Hasil Piala Asia U-17 2026 - Diwarnai Gol Dianulir, Timnas U-17 Indonesia Pastikan Kemenangan Perdana usai Tekuk China - Semua Halaman - Bolasport
Hasil Piala Asia U-17 2026 - Diwarnai Gol Dianulir, Timnas U-17 Indonesia Pastikan Kemenangan Perdana usai Tekuk China - Semua Halaman - Bolasport.com
BOLASPORT.COM - Timnas U-17 Indonesia sukses menang tipis 1-0 China dalam di laga perdana Grup B Piala Asia U-17 2026, di Lapangan A King Abdullah Sports City, Jeddah, Selasa (5/5/2026).
Skuad Garuda Asia mampu mencetak gol melalui Keanu Senjaya pada menit ke-87.
Kemenangan ini membuat Timnas U-17 Indonesia menempati posisi kedua klasemen grup B Piala Asia U-17 2026.
Ini karena Jepang U-17 yang menang 3-1 atas Qatar U-17 dipastikan memimpin puncak klasemen Grup B.
Jalannya Pertandingan
Timnas U-17 Indonesia dalam laga perdana Grup B Piala Asia U-17 2026 ini tampil dengan sangat percaya diri, sehingga mereka melakukan serangan lebih dulu ke pertahanan China.
Walaupun hal tersebut tak dibiarkan oleh para pemain China, sehingga mereka beberapa kali memberikan perlawanan.
Bahkan China beberapa kali mencoba memberikan ancaman ke gawang Timnas U-17 Indonesia, tetapi Mike Rajasa tampil sangat bagus dalam menagamankan bola.
Pada menit ke-15, Timnas U-17 Indonesia mendapat peluang emas saat Ichiro Akbar membangun serangan dari kiri dan ia mencoba memberikan umpan kepada Dava Yunna.

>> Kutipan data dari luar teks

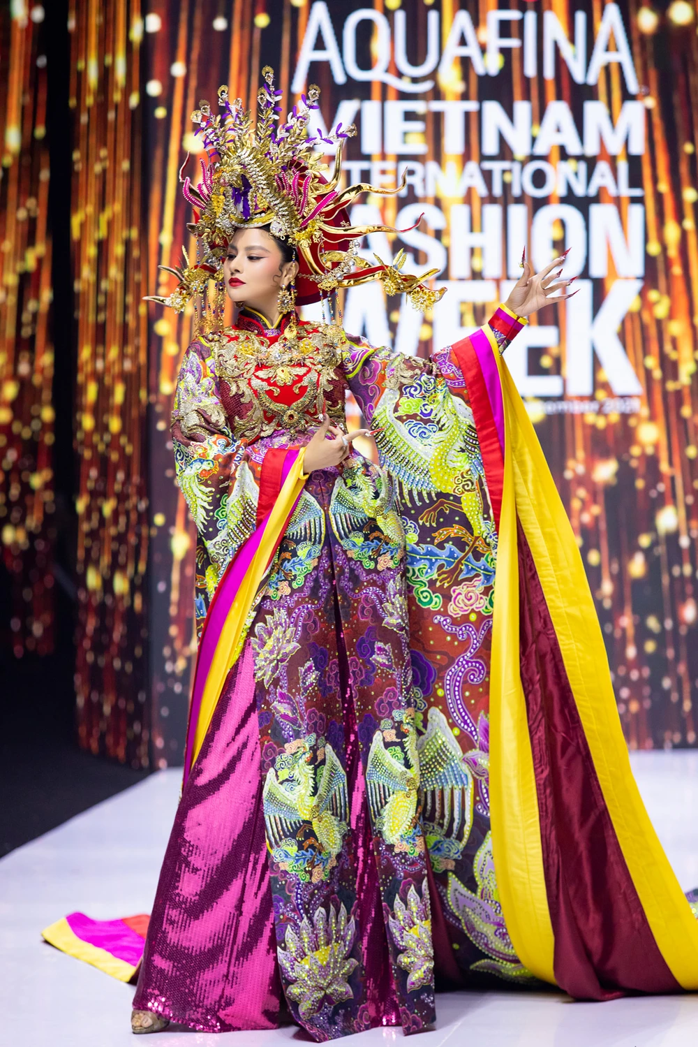Siêu mẫu Vũ Thu Phương trong bộ trang phục khoảng 40kg của NTK Lê Long Dũng. Ảnh: BTC

Dava yang melihat Chico Jericho di sisi kanan pun mencoba memberikan umpan, tetapi ia cukup kesulitan untuk bisa membawa bola ke kotak penalti.
Pasalnya, setidaknya tiga pemain China langsung menjaganya, sehingga ia memberikan bola kembali ke Dava, tetapi tendangan Dava masih mampu dihadang pemain lawan.
Untuk itu, permainan dominan yang ditunjukkan pemain Timnas U-17 Indonesia hingga memasuki menit ke-20 pun belum berbuah manis.
Dalam laga ini, tim asuhan Kurniawan Dwi Yulianto menunjukkan permainan yang solid dalam bertahan, bahkan saat China mencoba memberi ancaman dari serangan cepat hingga tendangan spekulasi.
Belum juga ada peluang yang mampu dikonversikan menjadi gol, karena Mathew Baker hingga Pandu Aryo mampu menunjukkan permainan yang solid, sehingga pemain China tak bisa cetak gol.
Pada menit ke-33, skuad Garuda Asia mencoba melakukan serangan cepat melalui Ichiro Akbar dan Dava Yunna, tetapi saat bola mampu di bawa hingga depan kotak penalti mampu digagalkan kiper China Qin Ziniu.
Pasalnya, Qin Ziniu mengambil resiko dengan keluar dari kotak penalti untuk menghentikan Ichiro Akbar yang berhasil membawa bola tanpa pengawalan itu.
Untuk itu, Qin Ziniu langsung menghadang bola tersebut, sehingga Timnas U-17 Indonesia pun gagal untuk bisa memimpin lebih dulu.
Baca Juga: Gagal di AFF, Mampukah Timnas U-17 Indonesia Bangkit di Piala Asia U-17 dan Rebut Tiket Piala Dunia?
Hingga memasuki menit ke-40, Mathew Baker dan kawan-kawan sebenarnya masih berusaha untuk bisa mencetak gol, sehingga peluang demi peluang coba dilakukan tim Merah Putih.
Akan tetapi, hingga tambahan waktu dua menit diberikan pun skuad Garuda Asia masih cukup kesulitan membongkar pertahanan rapat China, sehingga belum juga ada gol pada babak pertama.
Babak Kedua
Timnas U-17 Indonesia terlihat masih cukup penasaran, sehingga tim asuhan Kurniawan Dwi Yulianto ini mencoba tampil lebih menekan pertahanan China.
Akan tetapi, China yang bermain sangat hati-hati ini membuat Timnas U-17 Indonesia masih cukup kesulitan hingga menit ke-48.
Pada menit ke-55, China U-17 mendapat peluang emas saat pemain bertahan Timnas U-17 Indonesia melakukan kesalahan.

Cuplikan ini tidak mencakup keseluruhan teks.